India buys about 88 per cent of its crude oil, which is converted into fuels like petrol and diesel, from overseas. Russian oil made up for hardly 0.2 per cent of all crude oil that India imported till 2021. After Moscow invaded Ukraine, Russian oil was available at a discount to international benchmarks due to western sanctions, and was quickly lapped up by Indian refiners. Russia is now India's largest oil supplier.

In July, India imported about 5 million barrels of oil a day, of which 1.6 million came from Russia.

ALSO READ: Trump’s 50% tariff: Could this be India’s next 1991 liberalisation moment?

After the new levy, India will attract the highest tariff of 50 per cent along with Brazil. After this, India's competitors will be much better placed in the US market as their duty is lower - Myanmar (40 per cent), Thailand and Cambodia (both 36 per cent), Bangladesh (35 per cent), Indonesia (32 per cent), China and Sri Lanka (both 30 per cent), Malaysia (25 per cent), Philippines and Vietnam (both 20 per cent).

The announcement comes at a time when a US team is scheduled to visit India from August 25 for the sixth round of negotiations for the proposed bilateral trade agreement (BTA).

The sectors, which will have to bear the brunt of these tariffs include textiles/ clothing, gems and jewellery, shrimp, leather and footwear, animal products, chemicals, and electrical and mechanical machinery.

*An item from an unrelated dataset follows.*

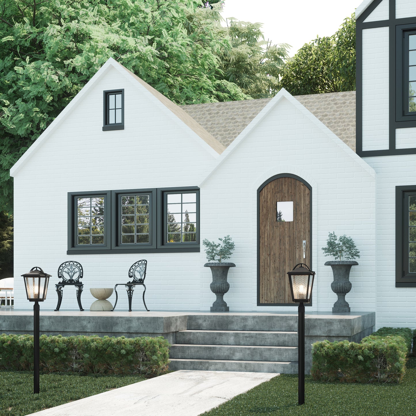 Let Darius light your way home. This collection of post and wall lanterns provides ample, failsafe lighting with the refinement and texture of clear seedy glass. Rendered in resin, Darius will never rust or corrode and is stain-resistant. The earth black finish grounds the look — simple, sophisticated, and designed with functionality first and foremost in mind.
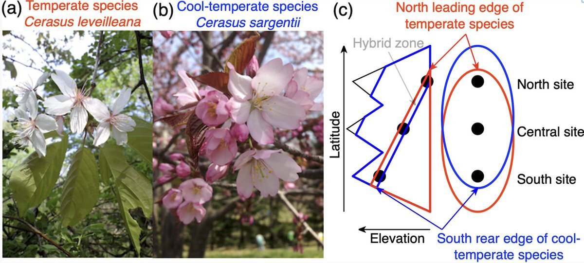 #OpenAccess Differential admixture and introgression in Cerasus hybrid zones at the south rear edge of cool-temperate C. sargentii and the north leading edge of temperate C. leveilleana Teruyoshi Nagamitsu,  Kahoko Tochigi,  Shuri Kato doi.org/10.1111/1442-1…

The exempted goods, which will not be subject to the high tariffs, include pharmaceutical; energy products such as crude oil, refined fuels, natural gas, coal, and electricity; critical minerals; and a wide range of electronics and semiconductors, like computers, tablets, smartphones, solid-state drives, flat panel displays, and integrated circuits.

According to exporters, the move would affect India's USD 86 billion worth of exports to the US severely.

"It is extremely shocking. It will impact India's 55 per cent of exports to US," Federation of Indian Export Organisations (FIEO) DG Ajay Sahai said.

In 2024-25, the bilateral trade between India and the US stood at USD 131.8 billion (USD 86.5 billion exports and USD 45.3 billion imports).

The announcement is being seen as a pressure tactic to get New Delhi to agree to demands made by the US in the proposed BTA.

The US is seeking duty concessions on certain industrial goods, automobiles, especially electric vehicles, wines, petrochemical products, agri goods, dairy items, apples, tree nuts, and genetically-modified crops.

The two countries are aiming to conclude the first phase of the pact by fall (October-November) this year.